**Action item:**
Write every line of the material again exactly, with no pictures in the copy.

**Working data:**
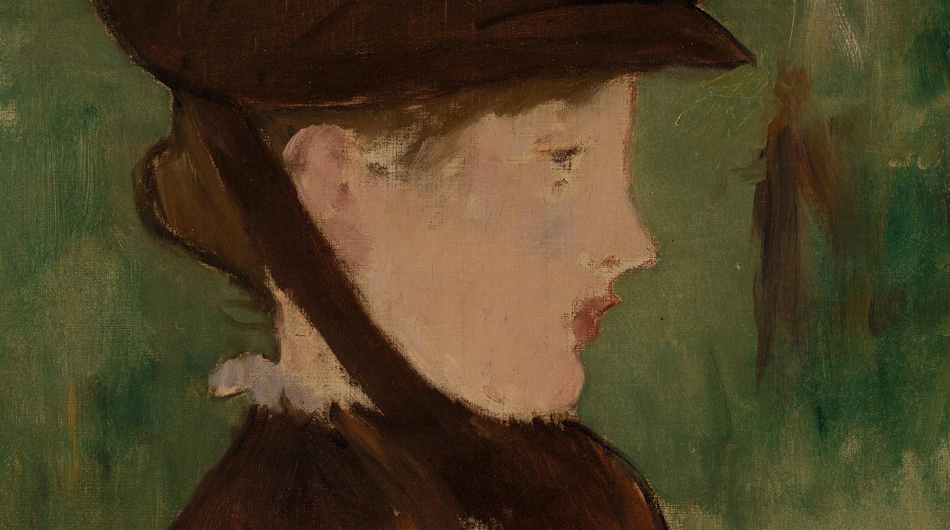 In this depiction of a fashionable young woman in a Parisian garden, reflective of his painting style in the final years of his life, Manet conveys repose in his subject’s gaze and movement in the swirl of her skirt. Through loose, summary brushwork, a bold line indicates clasped hands wearing gloves, and simple touches of color form eyes and mouth. The limited, earthy palette and the flattening of the figure’s face evidence the artist’s fascination with Japanese wood-block prints, which gained popularity in Paris during the previous decade through exhibitions of Japanese art. (Barnes)
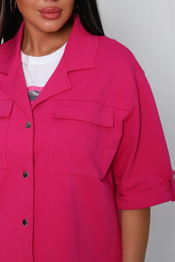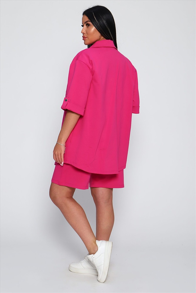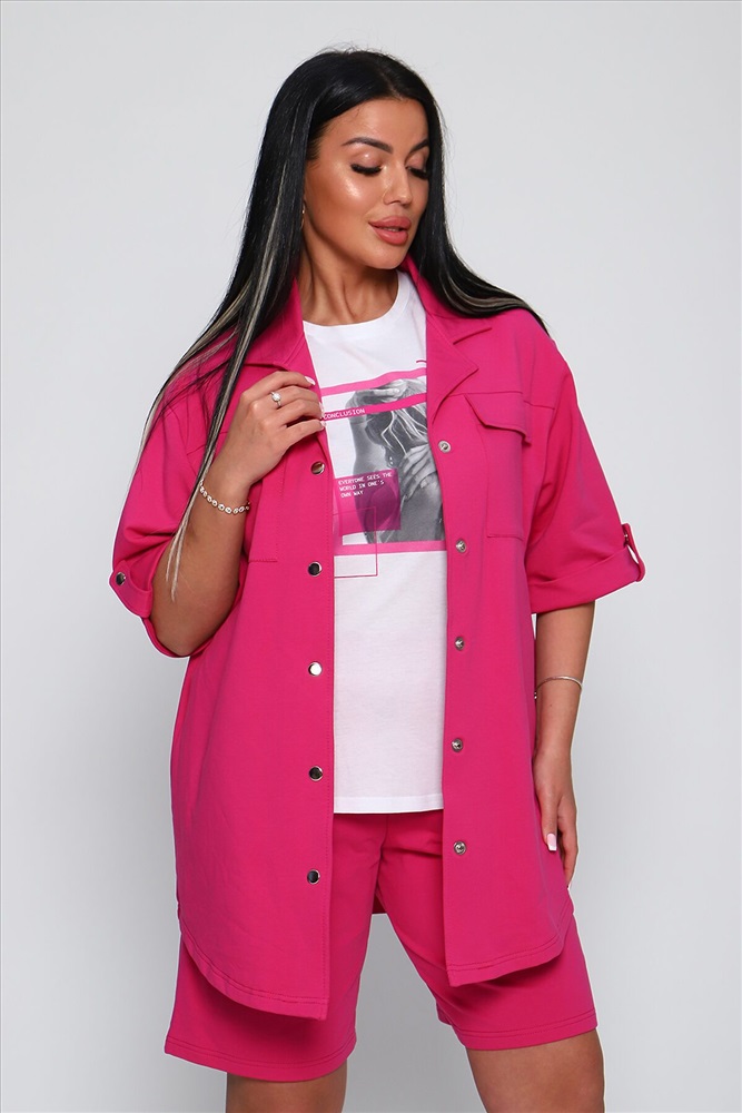 Костюм женский из футера 2-х нитки. Костюм состоит из рубашки и шорт. Рубашка свободного покроя с лацканами, застежка на кнопки. На полочке кокетки и два накладных кармана. Низ фигурный. Шорты свободного покроя на притачном поясе, с боковыми карманами.
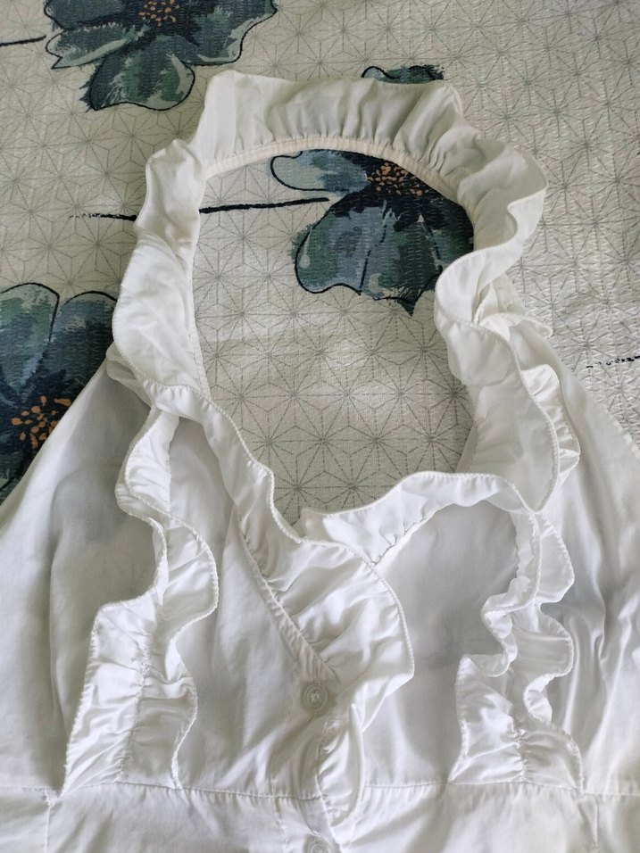 Keten kumaştan, fırfırlı yakalı ve kolsuz bluzu. Bohem tarzda, vücuda oturan kesimiyle günlük kullanıma uygun.
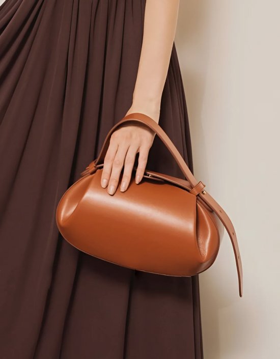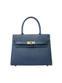 A structured handbag crafted in smooth cowhide with a subtle textured finish. Defined by clean lines and a gold turn-lock fastening, the silhouette balances refinement with practicality.
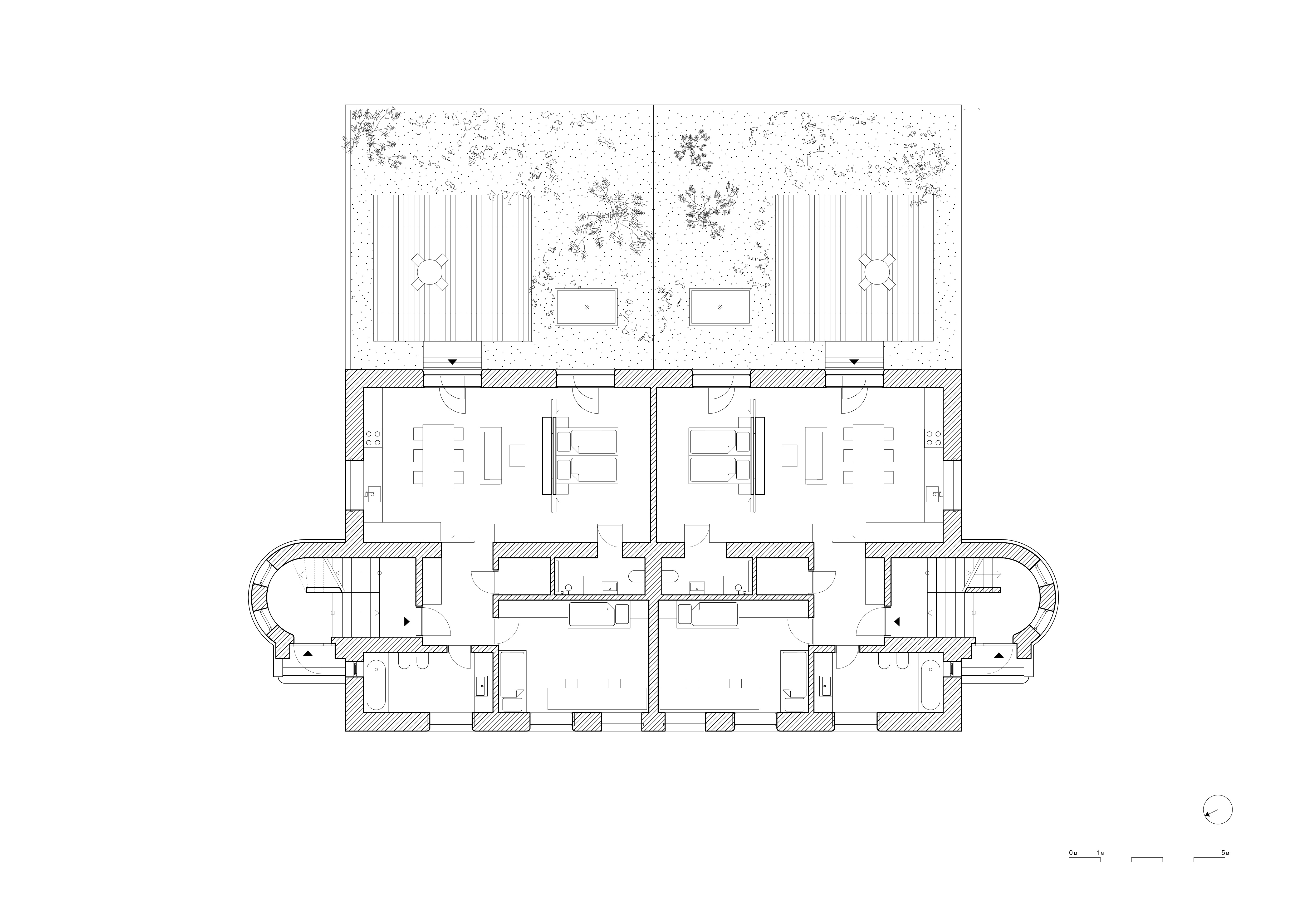 Veľký mezonetový byt v podkroví slúži majiteľovi domu. V priestore možno obdivovať odhalené drevené konštrukcie. Architekti preto využili nadkrokvovú izoláciu a preglejkový záklop. Interiéry bytov sú ladené do neutrálnych odtieňov sivej v jemnom kontraste s brezovou preglejkou a nerezovými prvkami.
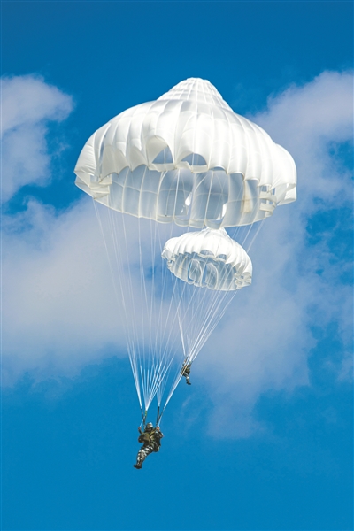 飛抵預(yù)定空域,在抗“藍(lán)軍”反空降火力掩護(hù)下,裝備物資首先投放,全副武裝的學(xué)員緊隨其后實(shí)施集群傘降,朵朵傘花在天空競(jìng)相綻放。
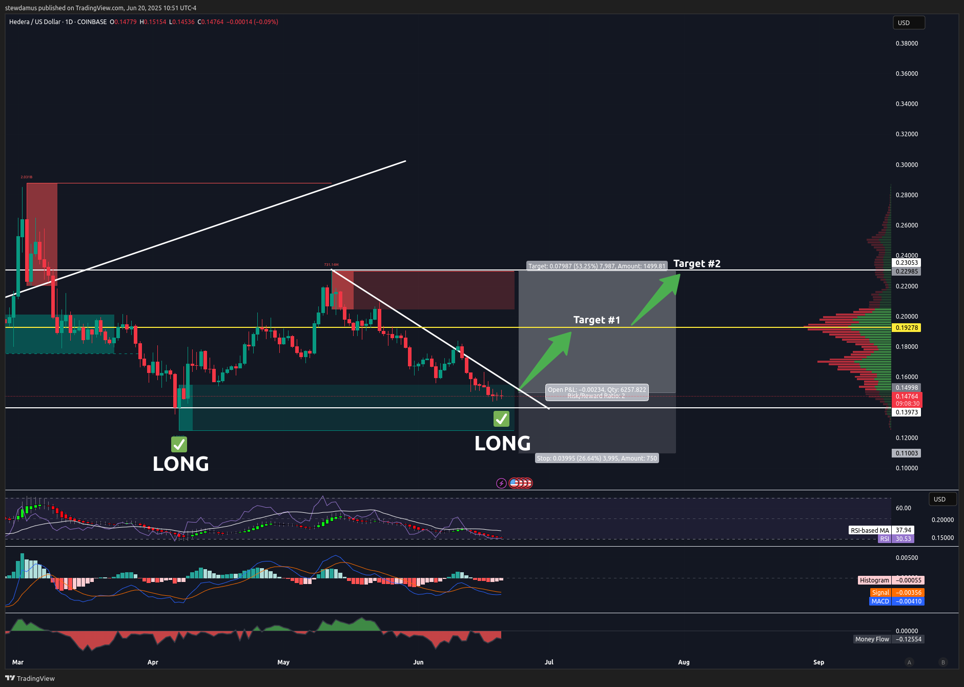 With that said, I've long been waiting for my indicator to give me the signal on this outstanding altcoin, HBAR. I mean, it's been months. The last time it flashed green for me, we went from 12 cents to 24 cents. Unfortunately, my cash reserves were locked up in other trades. Today is different.
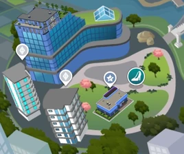 De wijk bevat twee appartementsgebouwen en een penthouse. Twee appartementen worden bewoond door de Pizzazz familie en het Karaokelegenden huishouden. Daarnaast is er een karaokebar genaamd Planeet Honingknetter!. In de wijk kunnen Sims eten halen bij de eetkraampjes of deelnemen aan een van de twee festivals.
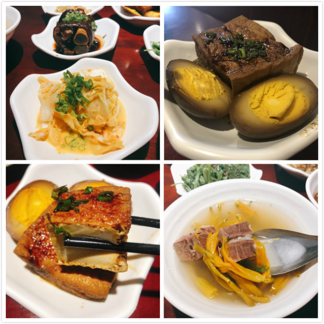 豆干、酸菜、小黃瓜等滿滿的配菜,加上亮著油光的控肉,頓時間食慾全來了

**Answer for the task:**
 In this depiction of a fashionable young woman in a Parisian garden, reflective of his painting style in the final years of his life, Manet conveys repose in his subject’s gaze and movement in the swirl of her skirt. Through loose, summary brushwork, a bold line indicates clasped hands wearing gloves, and simple touches of color form eyes and mouth. The limited, earthy palette and the flattening of the figure’s face evidence the artist’s fascination with Japanese wood-block prints, which gained popularity in Paris during the previous decade through exhibitions of Japanese art. (Barnes)
 Костюм женский из футера 2-х нитки. Костюм состоит из рубашки и шорт. Рубашка свободного покроя с лацканами, застежка на кнопки. На полочке кокетки и два накладных кармана. Низ фигурный. Шорты свободного покроя на притачном поясе, с боковыми карманами.
 Keten kumaştan, fırfırlı yakalı ve kolsuz bluzu. Bohem tarzda, vücuda oturan kesimiyle günlük kullanıma uygun.
 A structured handbag crafted in smooth cowhide with a subtle textured finish. Defined by clean lines and a gold turn-lock fastening, the silhouette balances refinement with practicality.
 Veľký mezonetový byt v podkroví slúži majiteľovi domu. V priestore možno obdivovať odhalené drevené konštrukcie. Architekti preto využili nadkrokvovú izoláciu a preglejkový záklop. Interiéry bytov sú ladené do neutrálnych odtieňov sivej v jemnom kontraste s brezovou preglejkou a nerezovými prvkami.
 飛抵預(yù)定空域,在抗“藍(lán)軍”反空降火力掩護(hù)下,裝備物資首先投放,全副武裝的學(xué)員緊隨其后實(shí)施集群傘降,朵朵傘花在天空競(jìng)相綻放。
 With that said, I've long been waiting for my indicator to give me the signal on this outstanding altcoin, HBAR. I mean, it's been months. The last time it flashed green for me, we went from 12 cents to 24 cents. Unfortunately, my cash reserves were locked up in other trades. Today is different.
 De wijk bevat twee appartementsgebouwen en een penthouse. Twee appartementen worden bewoond door de Pizzazz familie en het Karaokelegenden huishouden. Daarnaast is er een karaokebar genaamd Planeet Honingknetter!. In de wijk kunnen Sims eten halen bij de eetkraampjes of deelnemen aan een van de twee festivals.
 豆干、酸菜、小黃瓜等滿滿的配菜,加上亮著油光的控肉,頓時間食慾全來了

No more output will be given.